I have a dog from wanda, (helga x max) she's 15mths old, and I love her to death ))) she is exactly what I wanted. 

Loads of energy, smart, ready to try just about anything I throw at her, she's been a breeze to train, we are hoping to get into obedience/rally , would love to do tracking (wicked nose) if I can find an outlet here. 

I don't think she's for the faint of heart or first time owner, she is no couch potatoe, tho she settles when you need her to. 

Good luck in your search
Diane


----------



## Dainerra (Nov 14, 2003)

thanks Diane. this will be my second GSD, hubby had them growing up. Rayden isn't laid back by any means, but I would call him medium drive. He can go all day if asked, but he's also a big couch potato. 

Im getting so many good tips from you guys







sometimes, I think that the shopping is almost as fun as getting the puppy


----------



## JakodaCD OA (May 14, 2000)

Oh I think shopping is to ) there is so much diversity out there possibilities are endless..

Rayden sounds like my Dodge was, he would go all day, do or participate in whatever you asked him, or he'd be happy slugging it on the couch all day.

Masi on the other hand, is more like the energizer bunny who's batteries will not die out , she settles great at nite and when I have to leave , in her crate, or she'd sit in my car all day and be happy,,but when I'm home, she is on the move constantly, and it's "come on come on lets DO something")) Lucky for her, we do get alot of exercise, or should I say her energy level has forced me to exercise more ))

Good luck with your search, I'm sure you'll find the perfect puppy
Diane


----------



## Dainerra (Nov 14, 2003)

I know it's a nasty word, but I'll be the one to say MONEY!!

I noticed a lot of breeders, maybe even the majority, don't mention the $$. and I feel awkward saying, I love your dogs but how much are they? I've seen price ranges all over the map with the ones who do say how much their pups are. Even different prices for different breedings of the same 2 dogs. 
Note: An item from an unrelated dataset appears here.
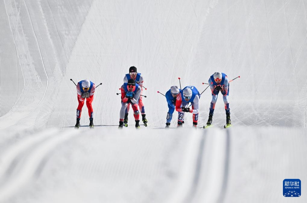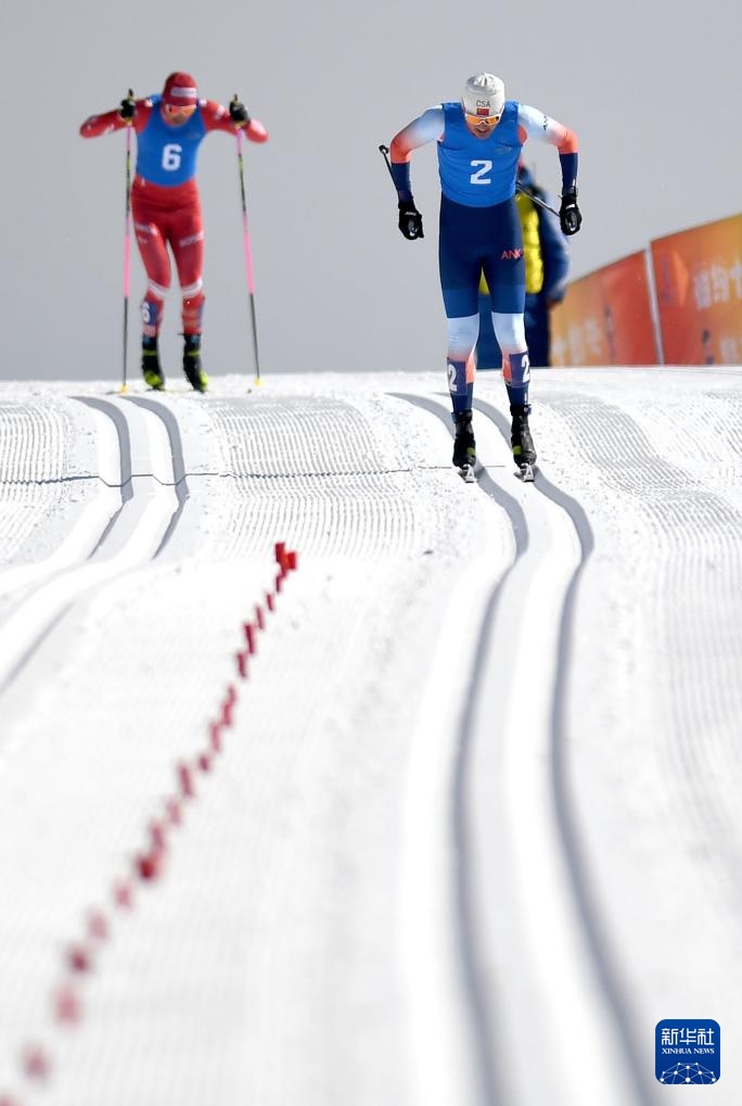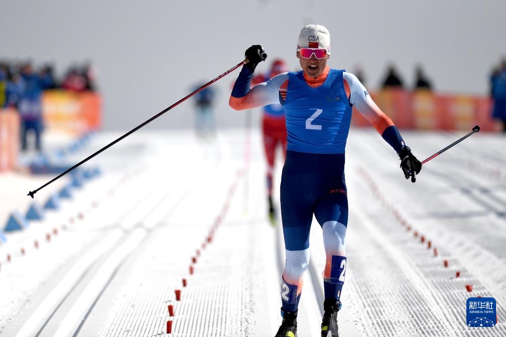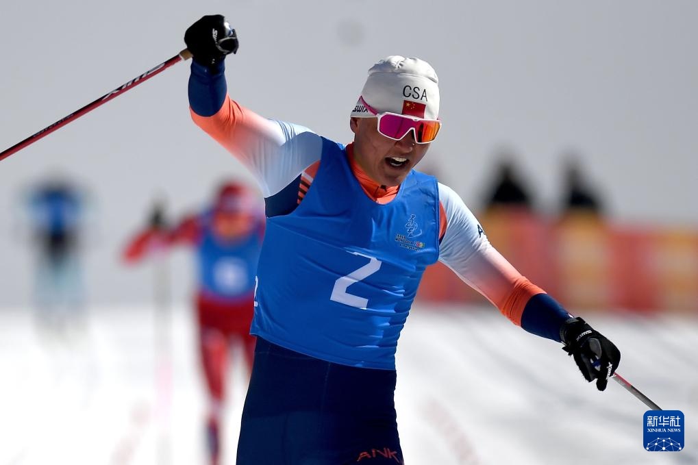 2月25日,新疆队选手赛木哈尔·赛力克(前)在冲刺时庆祝。

I was figuring a price ranged of $1000-$1300, but I don't even know if that is realistic for what Im looking for?? I know that you get what you pay for, but hey a girl's gotta eat too!

I don't want to waste my time or the breeders' if a puppy isn't going to be in the cards. Plus, it's hard to plan for a purchase if you don't know at least a ballpark.

also a ? about deposits, those are even more all over! I've seen them listed from 1/4 of purchase price to 1/2! and being completely non-refundable, $750 is a HUGE deposit!!


----------



## Jessica H (Mar 14, 2009)

> Originally Posted By: SunCzarinaIs Kentucky too far away?
> 
> Wanda has some incredible dogs - she's a member here and so are many of her pup's owners.
> http://www.freewebs.com/kleinenhain/


Wanda has great dogs, I have met max and he is wonderful.


----------



## CWhite (Dec 8, 2004)

OK, I know you said CLOSE by...but if you choose to have a puppy shipped...

Rokanhaus has two litters coming. One is due sometime this week. 

I have a dog from Hawk x Jule breeding and I am extremely content with the dog AND the quality of Kandi's "customer service. 

Van Gogh has nice dogs, but she will not be breeding again until next year.

Wildhaus (in MI) has a few members on this board. I can say that Chris was very helpful to me in sharing information. This is even though I did not own a dog. She anwered everything and was always very patient with me.


----------



## Dainerra (Nov 14, 2003)

we aren't looking to get a dog till next summer, maybe spring. right now just shopping to see what would be the best fit for us, both in a kennel and a dog. 

I had just forgotten how overwhelming all the different websites can be. lol


----------



## angelaw (Dec 14, 2001)

Most breeders I know have nothing to hide. Price is typically posted. Those that don't I have to question why not?


----------



## wolfstraum (May 2, 2003)

> Originally Posted By: DainerraI know it's a nasty word, but I'll be the one to say MONEY!!
> 
> I noticed a lot of breeders, maybe even the majority, don't mention the $$. and I feel awkward saying, I love your dogs but how much are they? I've seen price ranges all over the map with the ones who do say how much their pups are. Even different prices for different breedings of the same 2 dogs.
> 
> ...


My pups run basically $1500 to $1800 depending on various factors - Basha's are more than Csabres as Basha is "proven" - Coats (have had 3 from A to I) are a bit less, and if I get a monorchid (knock on wood) I would also discount that a few hundred.......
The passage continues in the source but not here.